La cuestión no es puramente filosófica. Los británicos están en la mira del terrorismo. Cameron teme que instancias de adoctrinamiento antiliberal se estén llevando a cabo bajo sus narices en las mezquitas de Londres e –irónicamente– estén siendo subsidiadas por el Estado como parte de su política de apoyo a las actividades comunitarias. El discurso de los cortes en el gasto público se cruza inevitablemente en este punto.

Pero hay más. Los gobiernos de centroderecha europea quieren “cubrir sus bases” para impedir el avance de grupos radicales ubicados más a derecha. Gran Bretaña no tiene un Jean-Marie Le Pen, pero sí un importante grupo de nacionalistas que flamea cada cierto tiempo la bandera con la cruz de San Jorge, que se muestra hostil a todo tipo de inmigración y que está preocupado por la pérdida de identidad patria. A ellos iría dirigido este mensaje, con el objeto de transmitir tranquilidad y seguridad.
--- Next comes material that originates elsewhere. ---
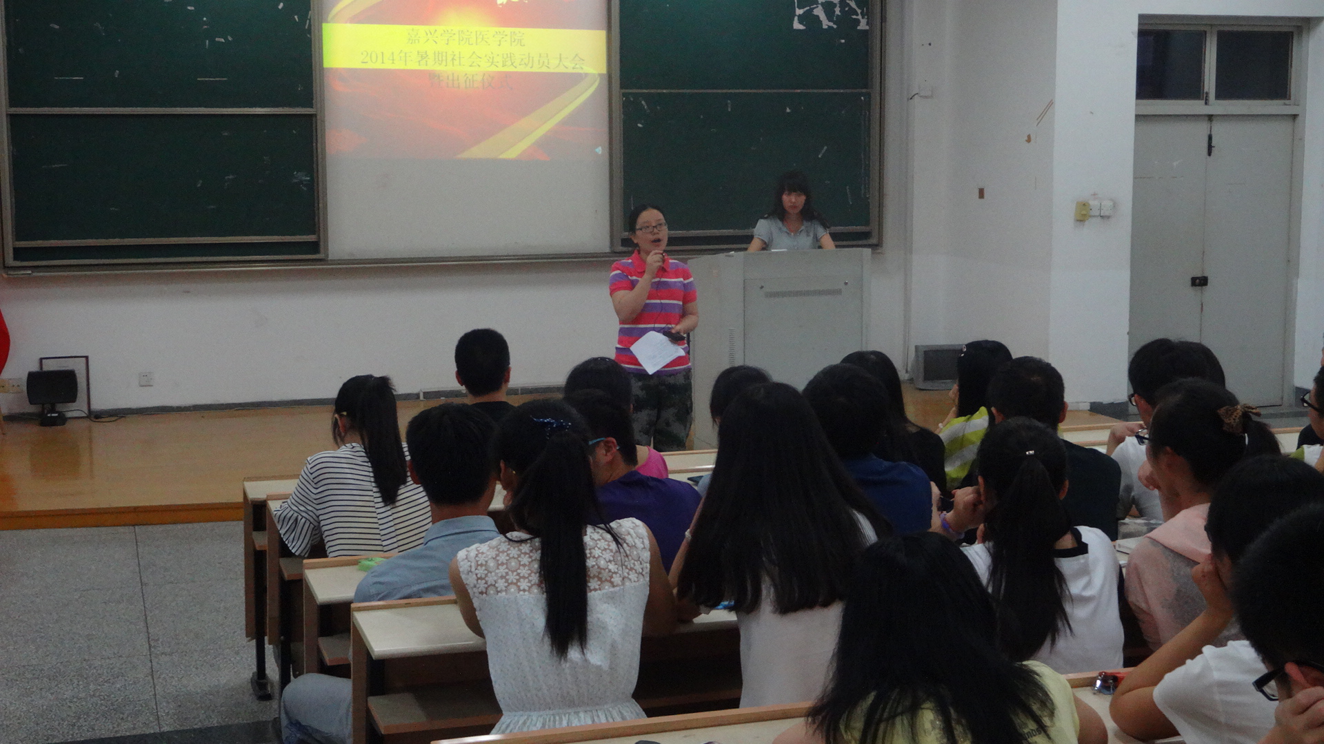 7月3日晚19:00,嘉兴学院漫蛙漫画 2014年暑期社会实践动员大会暨出征仪式在梁林校区1号楼221教室开幕。漫蛙漫画 党委副书记黄金珠老师,团委书记赵丽萍老师出席,暑期社会实践团队全体队员参加本次大会。

Pero la línea roja es delgada: no pocos vieron en la declaración de Cameron un innecesario incentivo a la xenofobia en general y a la islamofobia en particular.
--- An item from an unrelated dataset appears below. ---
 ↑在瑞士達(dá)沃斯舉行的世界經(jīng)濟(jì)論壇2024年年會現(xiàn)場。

Los musulmanes –organizados, como era previsible– se han victimizado. La causa de todos los recientes desbarajustes, dicen, está en las invasiones a Iraq y Afganistán, y no en los defectos del proceso de asimilación a la cultura británica. Cameron, como Merkel y Sarkozy, ha decidido pasar a la ofensiva. Es una jugada riesgosa, porque se compra tensiones con una importante minoría islámica al tiempo que se presta para interpretaciones extremistas desde los sectores nacionalistas. Pero, por otra parte, define los criterios de una nueva actitud que puede reducir las violaciones a los derechos e igualdades garantizadas en países democráticos y liberales, absorbiendo al mismo tiempo la ansiedad de aquellos que claman por más protección laboral y la adhesión a ciertos valores comunes para merecer la ciudadanía y sus extendidos beneficios.